Впрочем, не все в романе было только фантазией. Прототипом храма Соломона послужил таинственный древний город Большой Зимбабве, исследованный английскими археологами. Прообразом Куотермейна стал британский натуралист Фредерик Кортни Силус, о похождениях которого Хаггард был наслышан (хотя, с другой стороны, сам Генри любил прихвастнуть в светской компании: «Аллан Куотермейн — это я»). А, скажем, туземец Умслопогаас, сквозной персонаж многих его произведений, даже выведен под собственным именем. Когда реальному Умслопогаасу сказали, что Инданда пишет про него в своих книгах, тот спросил: «А что он делает со своими книгами?» — «Он продает их». — «Тогда скажите инкосе Инданде, что раз он зарабатывает деньги тем, что пишет обо мне, будет правильно и справедливо, если он вышлет мне половину этих денег». Узнав об этом, Хаггард отправил Умслопогаасу охотничий нож, на котором было выгравировано его имя.

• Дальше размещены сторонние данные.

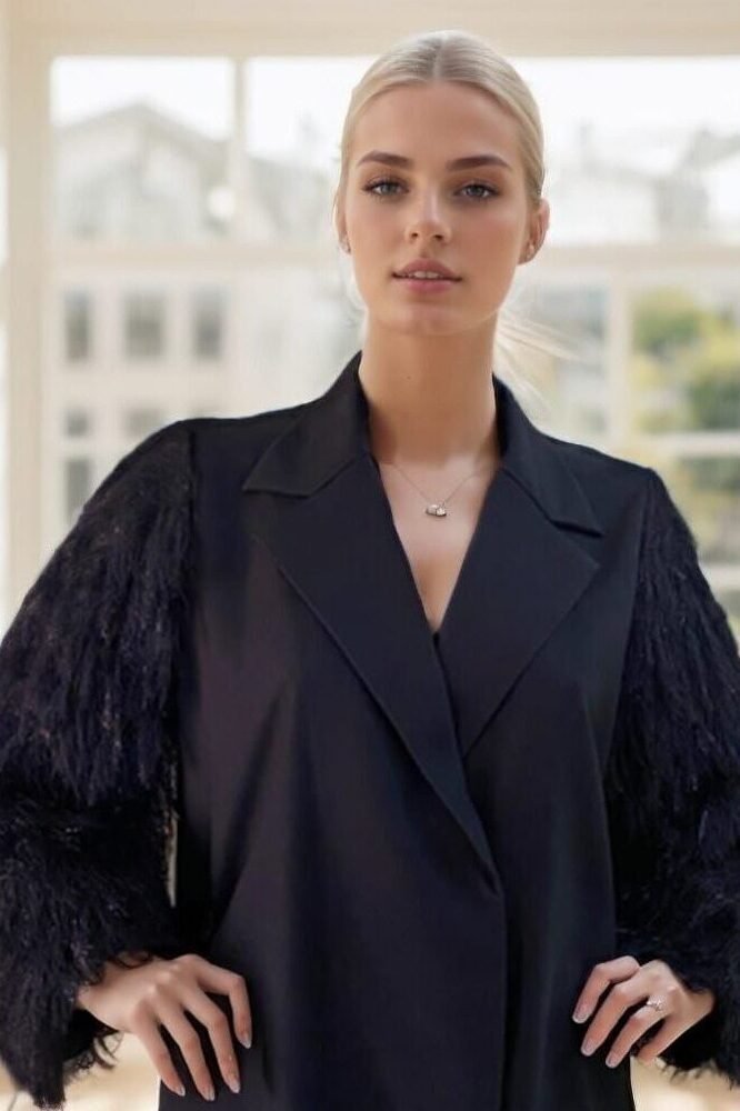 Abaya with wide sleeves, luxurious black clutch decorated with shiny fringes

Два романа в год — такой лимит установили издатели для теперь уже знаменитого писателя Хаггарда. Традиции зулусов, экзотические животные, древние африканские легенды, Англо-бурская вой на — весь опыт Генри выплеснулся на страницы книг. Но какое вдохновение без путешествий? И он увлеченно колесит по Ближнему Востоку, едет в Мексику и вновь уступает обаянию Африки… Хаггард дважды побывал в Египте, где исследовал гробницы фараонов и чуть было не погиб в свой первый приезд, когда его едва не засыпало в пещере, заваленной останками умерших от чумной эпидемии. А во время следующего визита Хаггард одним из первых смог войти в недавно обнаруженную усыпальницу любимой жены Рамсеса II, Нефертари. Сопровождал писателя знаменитый египтолог Говард Картер — тот самый, который якобы стал жертвой «проклятия фараонов»… На Хаггарде это проклятие не отразилось — под впечатлением от Египта он написал блистательный роман «Клеопатра». Но все же не Северная, а Южная Африка была его главной любовью. Сериал об Аллане Куотермейне разрастался, его герой становился действительно культовым и по своей популярности не уступал ни Шерлоку Холмсу, ни Кожаному Чулку, ни капитану Немо. «Подобно тому как Киплинг открыл для Запада Индию, так Хаггард — Африку», — констатировал советский литературовед Евгений Брандис. А сам Хаггард о стране своей мечты говорил так: «Там родился мой сын, там я пережил многое, что формирует характер мужчины. Там я перенес самый большой позор — стыд за свою родину. Там началась и закончилась одна из глав моей жизни, так богатой событиями».
Поддержите Макинтоша. Чарльз Макинтош
(1868–1928)
Теперь образы этих цветов можно увидеть в архитектурном воплощении — как элементы декора многих интерьеров в Глазго. Тогда, в середине 1870-х годов, это были лишь фантазии задумчивого больного ребенка. Но он не дал судьбе поломать себя: физический недостаток в конечном итоге лишь указал ему путь к славе.
Порой он говорил себе: ну и что с того, что я не родился здоровяком, как отец — полицейский суперинтендант и капитан команды, победившей на чемпионате мира по футболу среди полисменов? Зато в споре характеров младший Макинтош оказался сильнее старшего: когда тот намекнул сыну, что хочет видеть его торговцем или ремесленником, Чарли ответил бескомпромиссным «нет». В шестнадцать лет он начал подрабатывать в архитектурном бюро Джона Хатчинсона, а в семнадцать поступил в Школу искусств.
Опытному взгляду и тогда было видно, что из парня выйдет толк. Ректор школы Фрэнсис Ньюберри, посмотрев на эскизы молодого студента, взял его под свою опеку. А новый босс Макинтоша Джон Кеппи мечтал привязать его к своей компании, женив одаренного сотрудника на своей сестре Джесси. Впрочем, интерес бизнесмена не вступал здесь в противоречие с чувствами брата: девушка была готова идти с Чарли под венец по доброй воле. Но свадьба не состоялась.